The ad was about the Expedia mobile app.

Now, Expedia is smart, creative and overall brilliant when it comes to their vacation ad campaigns. But let’s be real… Expedia (and the others, too) are pre-vacation services. The actual act of going on Expedia is not technically part of the vacation… realistically, you’re still at work when you log onto Expedia to plan your trip. They understand that, I think… and strategically skip that part of the vacation process.

They’re looking at the larger picture… the 40,000-foot-view… that Charmander-to-Charizard shit. Expedia offers you a full vacation, essentially, and instead of showing you the process of setting your trip up, they jump to giving you a glimpse of it.

I mentioned in my earlier post about tactics vs. strategy, and how we have to treat it like a story and not a product (the way a business would). Well, Expedia (a business) flipped the script and treated their brand like a story, and not a product. The story being “setting up your vacation is so easy, you won’t even have to think about that… just think about the vacation”. Don’t boggle your mind with the logistics… skip that and go to your fantasy,

Last October, they created a “controversial” ad campaign that revolved around a father taking a trip to see his daughter get married to another woman. Beautifully-shot and emotional… the commercial was more about the story than Expedia. The trip-planning process was pretty much an after-thought, and essentially just a mechanism for the father to get to his daughter’s wedding.

Expedia put the story at the fore-front and did what most brands aren’t willing to do… make their brand secondary to the user experience. Instead of revolving around the actual product, they made it about the external factors revolving around it.

So how does this apply to higher ed? Well today’s prospect is tomorrow’s donor. I read that somewhere… forgot where, but it can be taken two ways:
1) Today’s potential buyer will be tomorrow’s potential giver.
2) Today’s potential student will be tomorrow’s potential alum.
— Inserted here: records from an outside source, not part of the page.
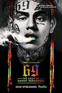 69: The Saga of Danny Hernandez is a 2020 true crime documentary film about Daniel Hernandez, a rapper, songwriter, social media personality, and convicted felon who is known professionally as 6ix9ine, or Tekashi69.[1] The film details Hernandez's rise as a musician, as well as his gang affiliation and multiple arrests.[2][3][4] It was directed by Vikram Gandhi and released on Hulu on November 16, 2020.[5][6]
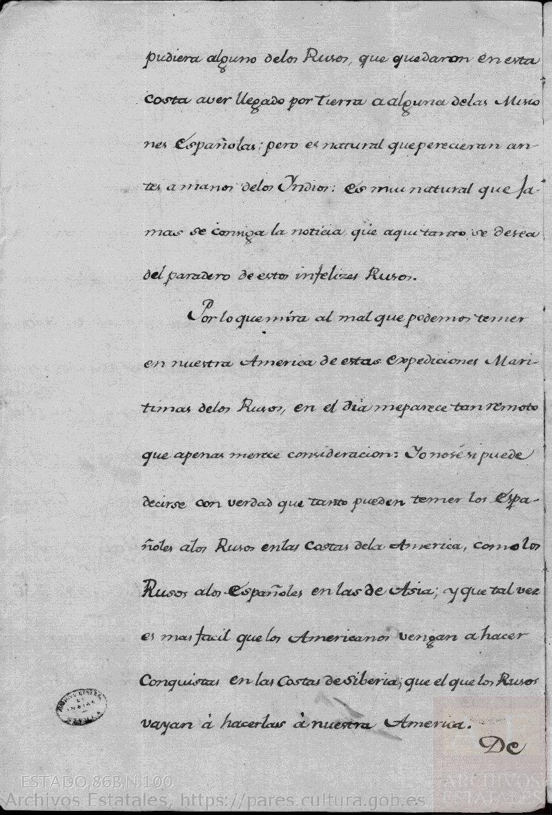 Por lo que mira al mal que podemos temer en nuestrs América de estas expediciones Marítimas de los Rusos, en el día me parece tan remoto que apenas merece consideración: Yo no se si puede decirse con verdad qué tanto pueden temer los Españoles a los Rusos en las de Asia, y que tal vez es más fácil que los Americanos vengan a hacer Conquistas en las costas de Siberia, que el que los Rusos vayan a hacerlas a nuestra América.
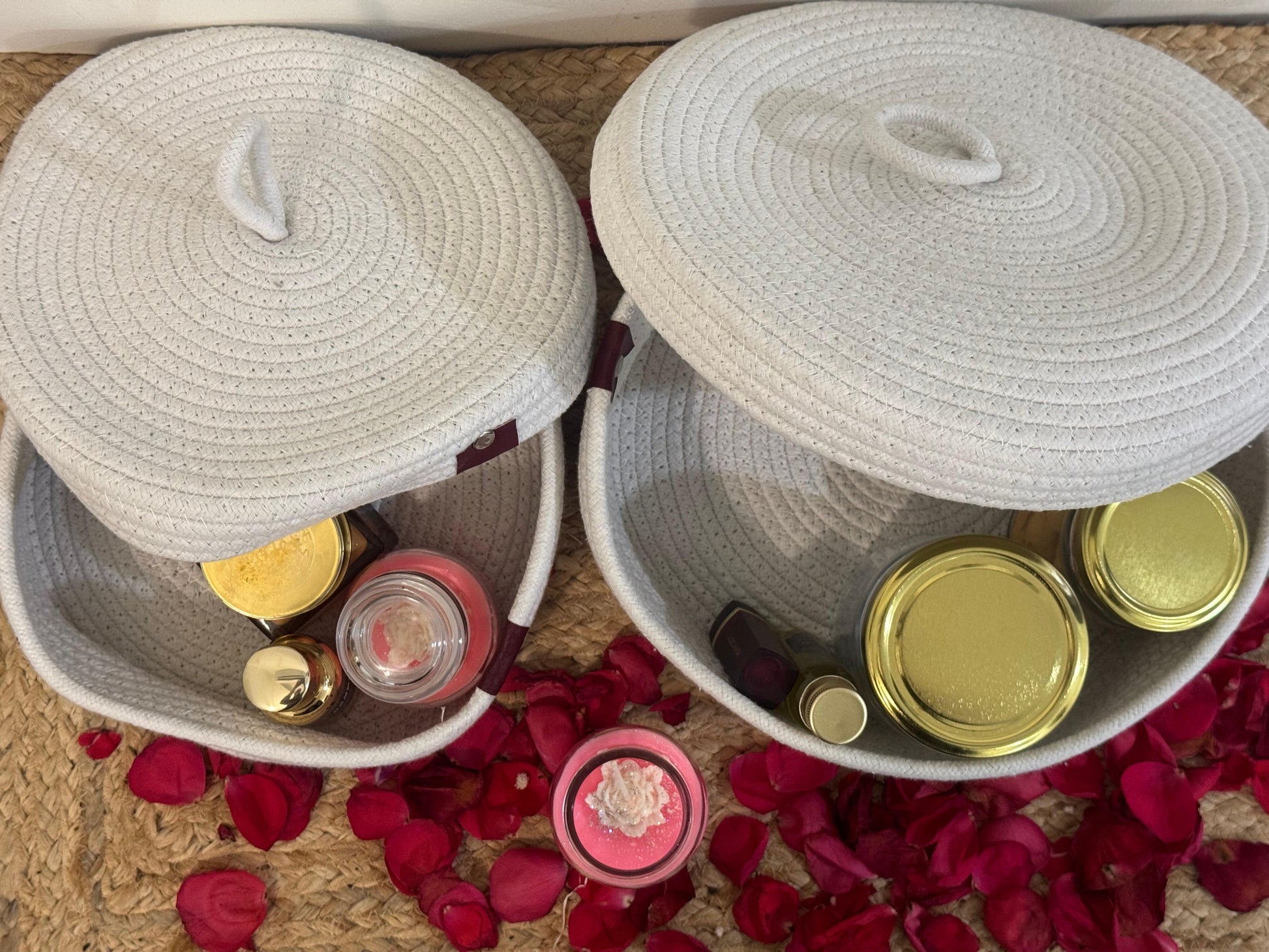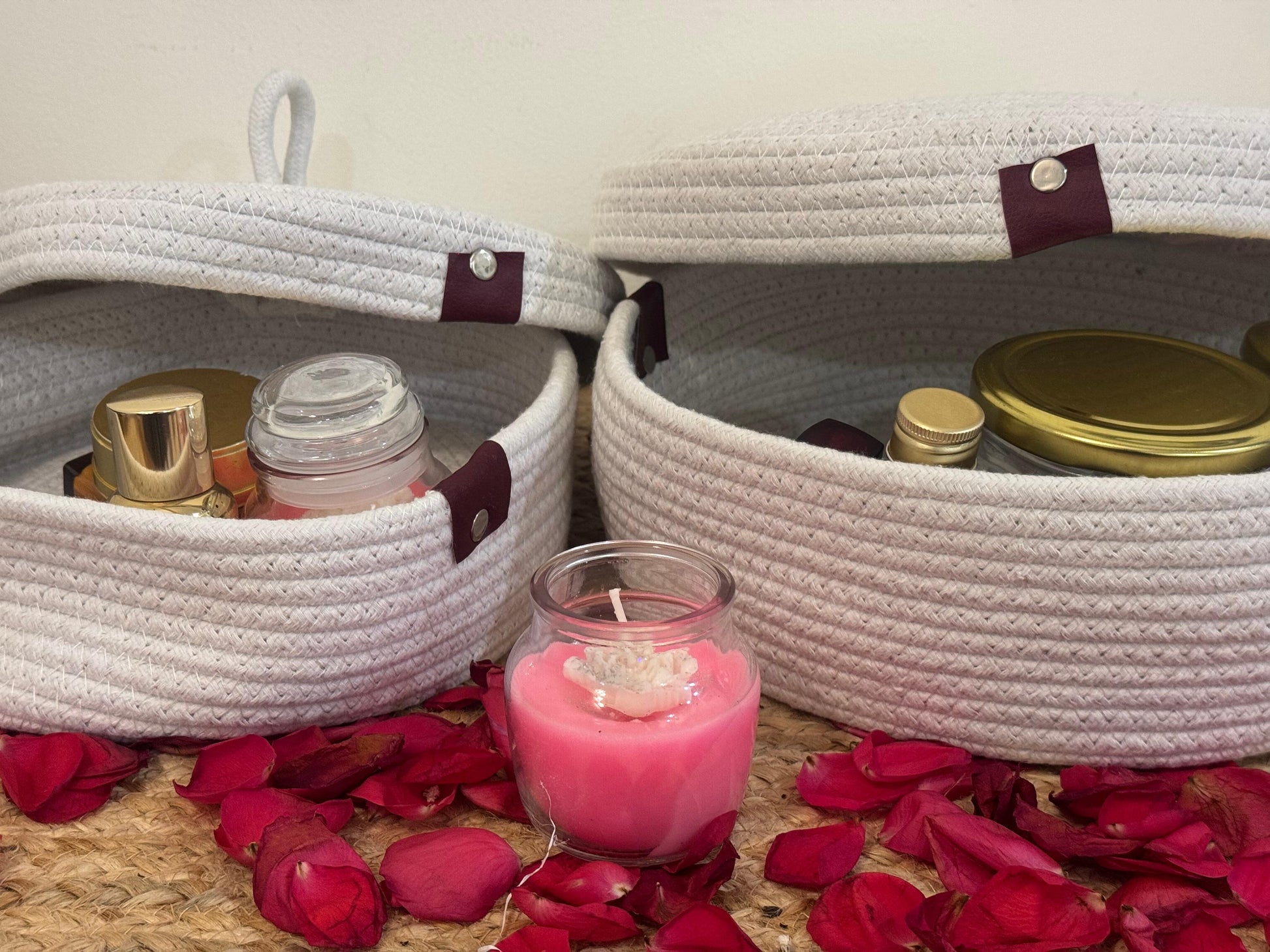 - Design: White jute organizer set with matching caps for a sleek and organized look
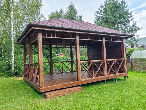 Такие беседки имеют стены, окна и двери, что делает их пригодными для круглогодичного использования. Закрытые беседки могут быть оборудованы системами отопления, освещения и даже кухней. - Полузакрытые беседки
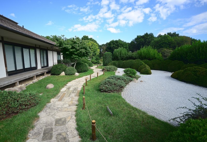 Note: The tea garden is closed due to construction of the Ogura-Sato Annex. Traditional Japanese gardens surround Japan House. These gardens are very different than Western gardens, with a focus on the natural landscape, utilizing plants, rustic stone, and water. Instead of bright color and symmetry, these gardens focus on green foliage and natural shapes of plants. The design of the gardens creates an extraordinarily peaceful and tranquil environment. Japan House is proud to be a member of the North American Japanese Garden Association.
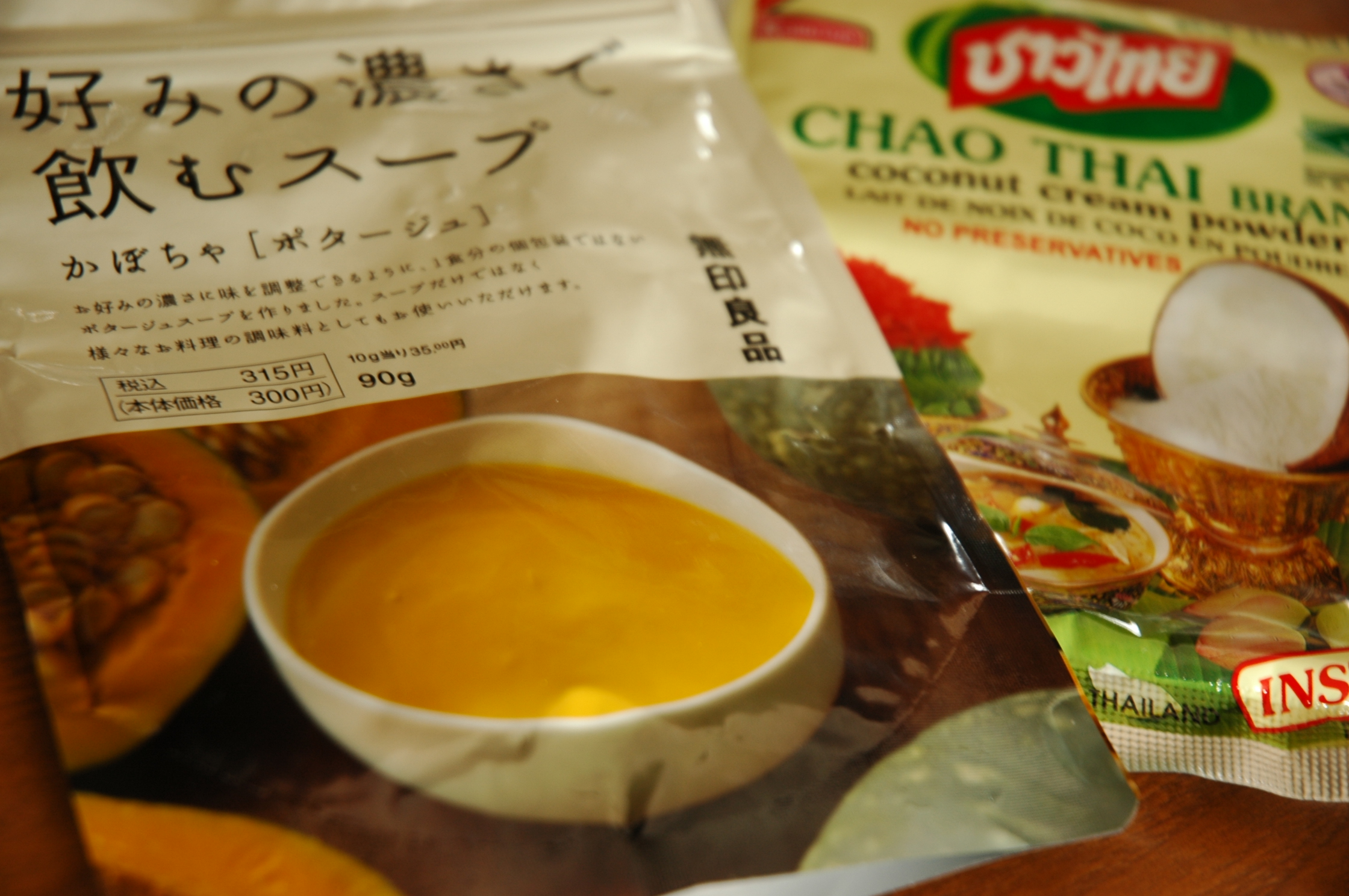 エスニック料理で使った粉末のココナッツミルクが余っていて、何とか使い切ってしまいたい。そこで、ちょっと、やってみたのが、無印良品の好みの濃さで飲むスープ かぼちゃ(ポタージュ)とのミックス。
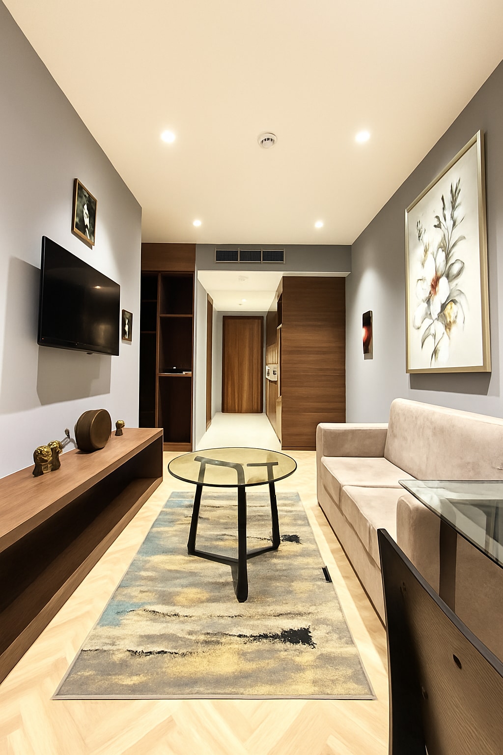 Ласкаво просимо до вашого ідеального відпочинку в центрі Гургаона! Ця сучасна, красиво оформлена квартира-студія поєднує в собі стиль, комфорт і зручність — ідеально підходить як для коротких, так і для тривалих перебувань. Студія оснащена всіма сучасними зручностями — швидкісним Wi-Fi, смарт-телевізором, кондиціонером, повністю обладнаною міні-кухнею та зручним ліжком розміру queen-size. Незалежно від того, чи ви тут для роботи, чи для відпочинку, ви знайдете все необхідне для безпроблемного перебування.
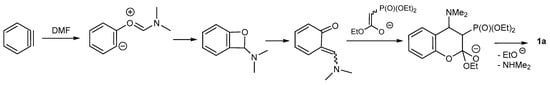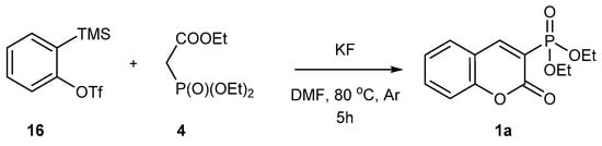 The reported protocol [36] represents a reaction between an in situ generated benzyne fragment (Scheme 18) and an active methylene compound bearing a diethylphosphoryl group in DMF at 80 °C. The compound 1a was produced in 74% yield (Scheme 17).

I’m obviously referring to the latter, and it’s in reference to how you view the future student as not only a potential applicant, but also an active student, successful graduate and finally: an active alumni/community member… someone who will take that trip to Homecoming (maybe using Expedia).

The philosophy is to tell the higher-ed story. Which is to show students going apeshit at the football game, or a post-grad alum running their own company. Giving glimpses of the story, and making the brand secondary when telling it.

It’s a risky strategy/philosphy, and not all higher-ups will be down for that. Understandably so, too, since logos and brands are part of the institution’s identity… and so much money is spent on marketing strategy to make the logo the forefront of the story. But, honestly, Expedia is a good reference and, I think, shows the possibility of reward from the risk… especially for a huge company like Expedia.